Necropsy Findings of Carcasses and Histopathology of Liver in Aflatoxicosis Epizootics of Duck
The overall death for the said period was 7080, of which 627 ducks were died of due to hepatitis and aflatoxicos for a period of 5 years since 2011-12 to 2015-16. The hepatitis and hepatitis on aflatoxicosis found to be increasing trends in the duck farm. The average hepatitis along with aflatoxicosis during this period calculated to be 8.85% of total deaths. The clinical signs of aflatoxicosis were impetance, retarded growth, loss of body weight, dehydration, indigestion, roughed feathers and skinny, lameness and ataxia, cyanosis, convulsion, voice change to hiss, drop of egg production, egg bound, ocular discharge, blindness, huddle together, nervous signs and pendulous abdomen. Pathological lesions liver and kidney with haemorrhagic liver, fatty infiltration with enlargement necrotic patches, some cases of white calcified spot in liver, weak and thin liver with blackish hue also observed. Liver decolourized to yellowish and mottled. Kidney showed enlargement with white spotted calcified zone, haemorrhagic pale and white spotted in colour. Gastrointestinal tract mostly found empty with mucous secretion and thin of gastric lumen.
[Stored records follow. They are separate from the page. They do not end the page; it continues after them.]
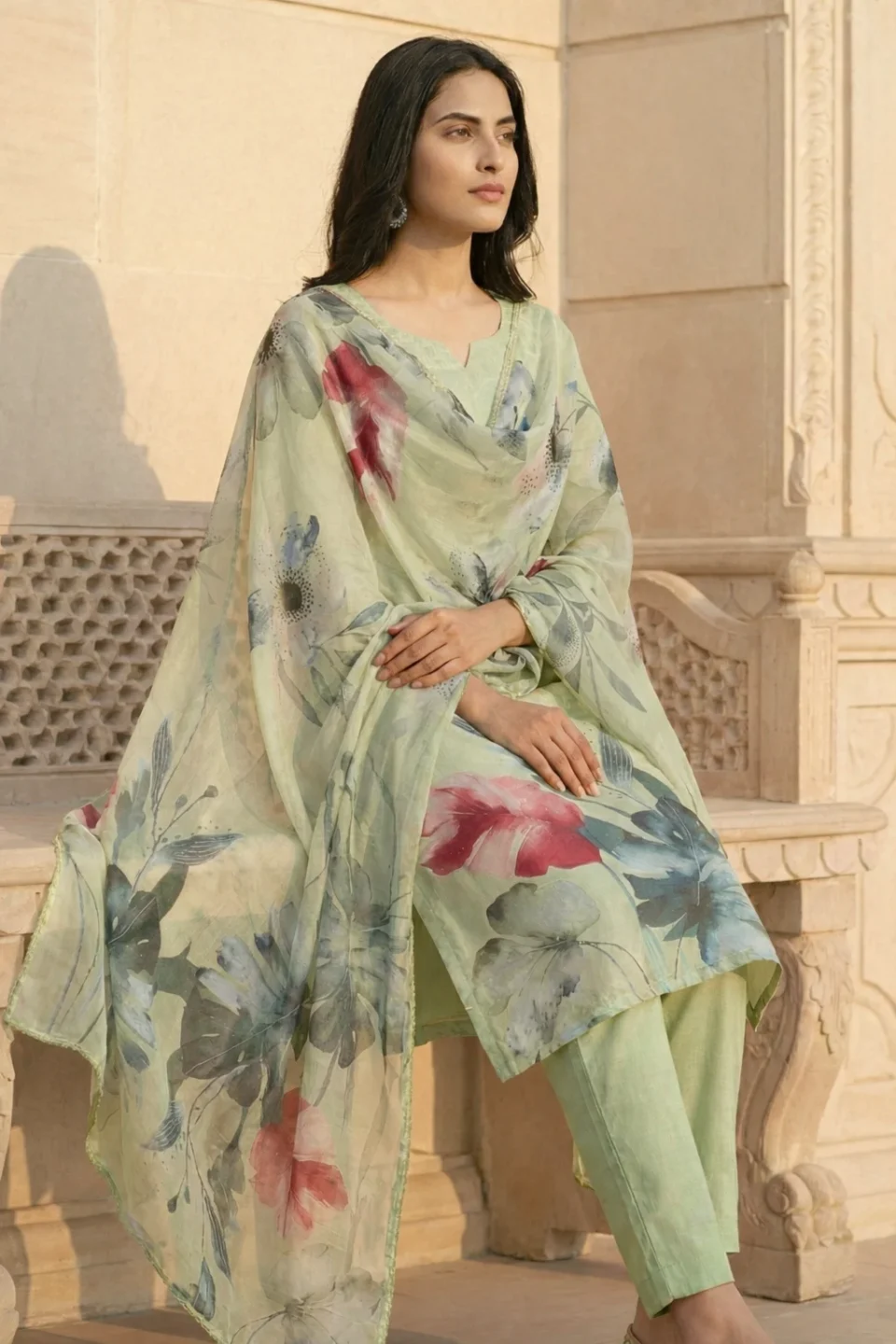 Pink Floral Printed Straight Kurti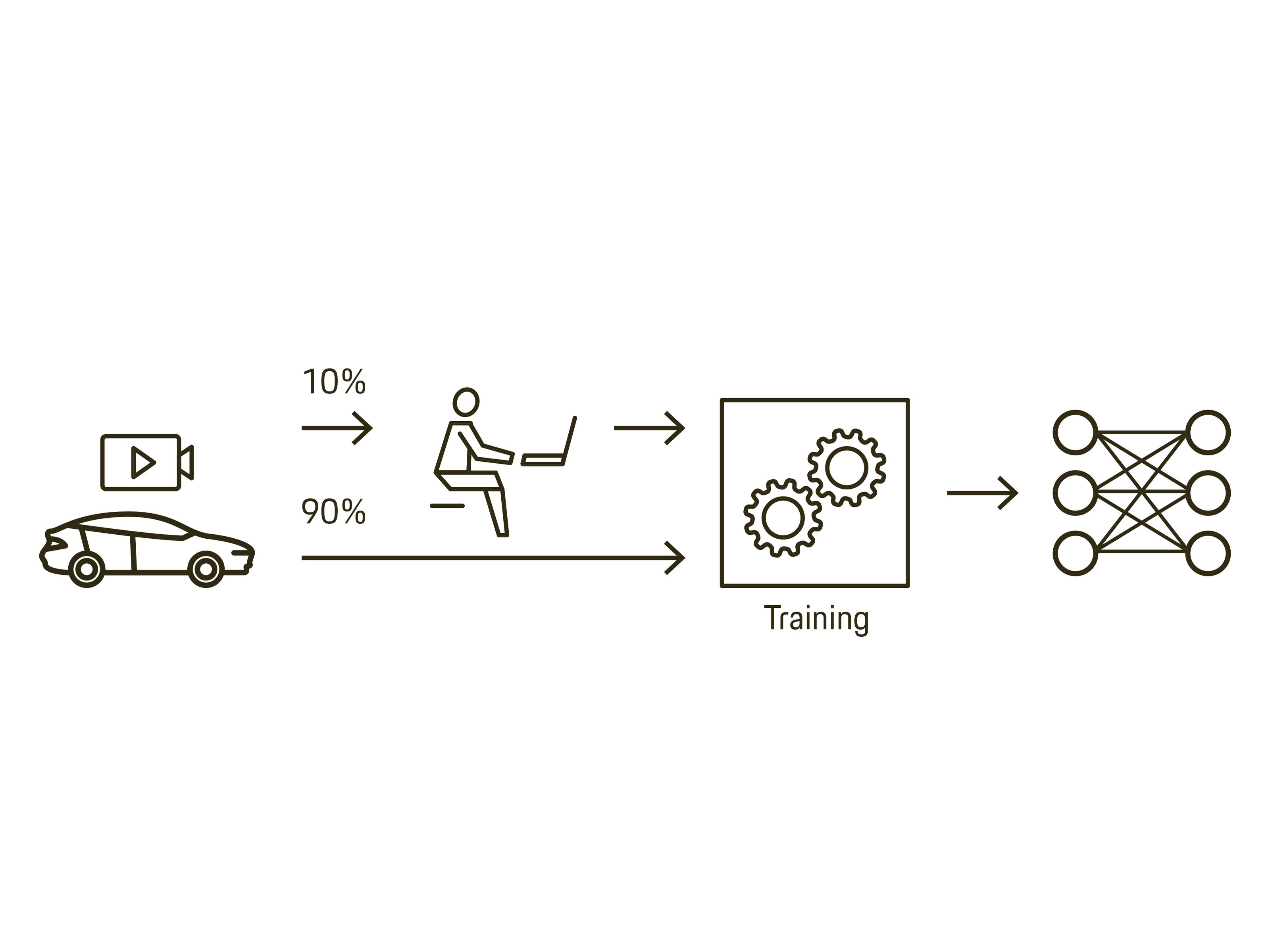 This kind of learning gobbles up enormous resources. “Today, it takes 70,000 graphics processor hours to train an autopilot,” explains Tobias Kalb, a doctoral student involved in the AI Delta Learning project for Porsche Engineering. In practice, numerous graphics processing units (GPUs) are used in parallel to train neural networks, but the effort is still considerable. In addition, a neural network needs annotated images, that is images from real traffic events in which important elements are marked, such as other vehicles, lane markings, or crash barriers. If a human performs this work manually, it takes an hour or more to annotate a snapshot from city traffic. Every pedestrian, every single zebra crossing, every construction site cone must be marked in the image. This labeling, as it is known, can be partially automated, but it requires large computing capacities.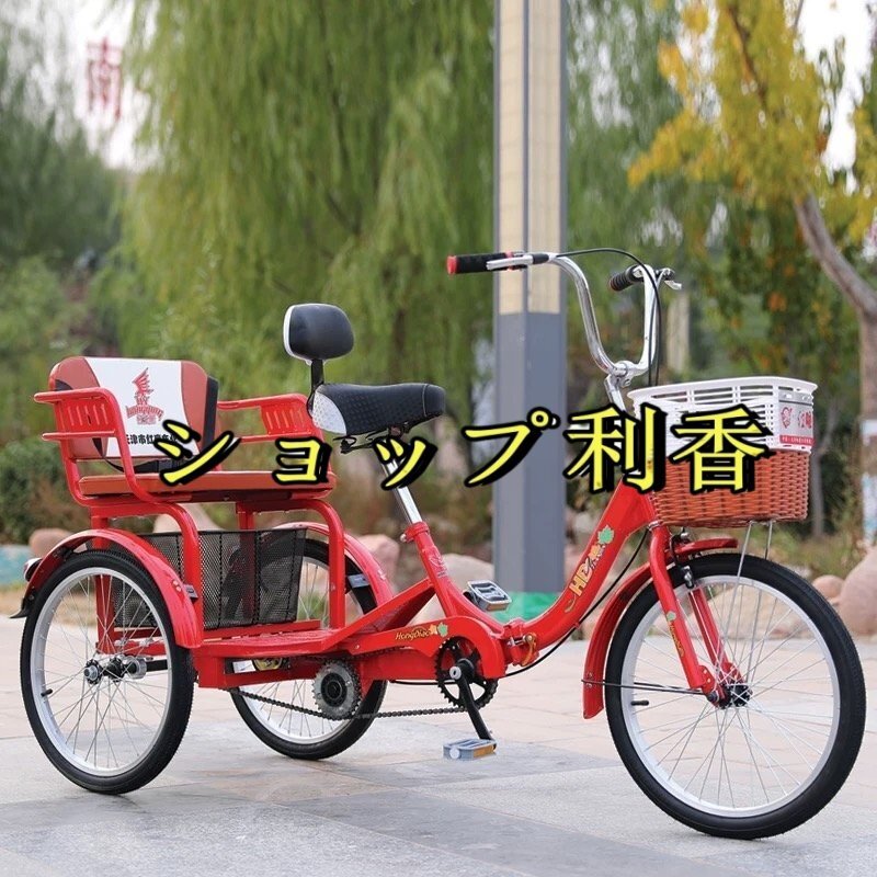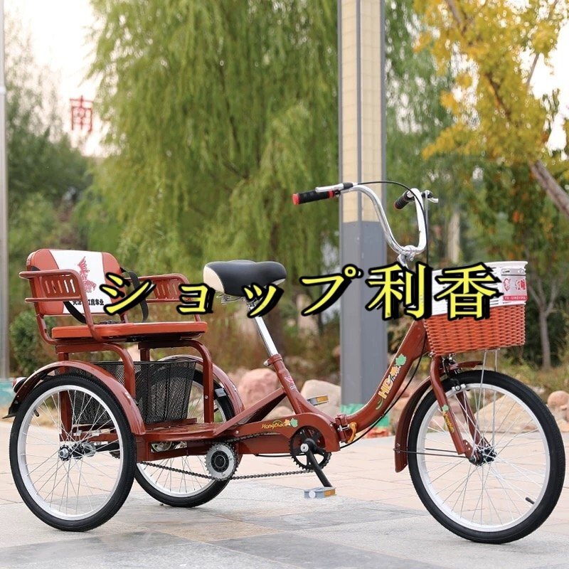 新入荷☆20インチ三輪自転車 座席高さ調節可能 アショッピングバスケット付き 大人用 高齢者用 三輪車 座席付き 背もたれ シートベルト 122

Cardiac size revealed atrophic,ischemic, rounded and thin musculature. The concentration of aflatoxons in feed rages from 20-30ppb.
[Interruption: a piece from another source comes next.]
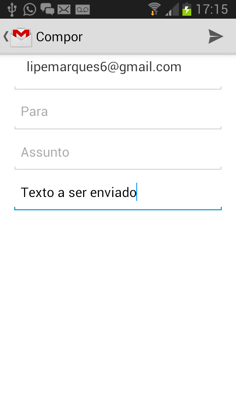 i.putExtra(Intent.EXTRA_TEXT, ("Texto a ser enviado");

Keywords: Aflatoxicosis; Duck; Necropsy; Carcass; Histopathology; Epizootics; Prevalence
Aflatoxins are poisonous and carcinogenic chemicals produced by several species of fungi like Aspergillus flavus and Aspergillus parasiticus. There are several chemical compounds of aflatoxins namely B1 and B2, G1 and G2, G1 and M1 and M2. The aflatoxicosis is a serious problem in of animal production and human nutrition. The susceptibility with aflatoxins varies in species of animals. The ducks and rabbits are most susceptible animals in comparison to other animals like turkey, cat, pig, chicken, sheep and goat . The aflatoxicosis is highly economically significant disease that occurs in poultry through feed and supplements contamination. Due to cumulative accumulation of toxins in liver and muscle that causes retarded growth and reduce feed efficiency. It also impairs the normal health of the birds, and causes liver and kidney damage. The ducks, particularly ducklings are 200 time more susceptible than chicken .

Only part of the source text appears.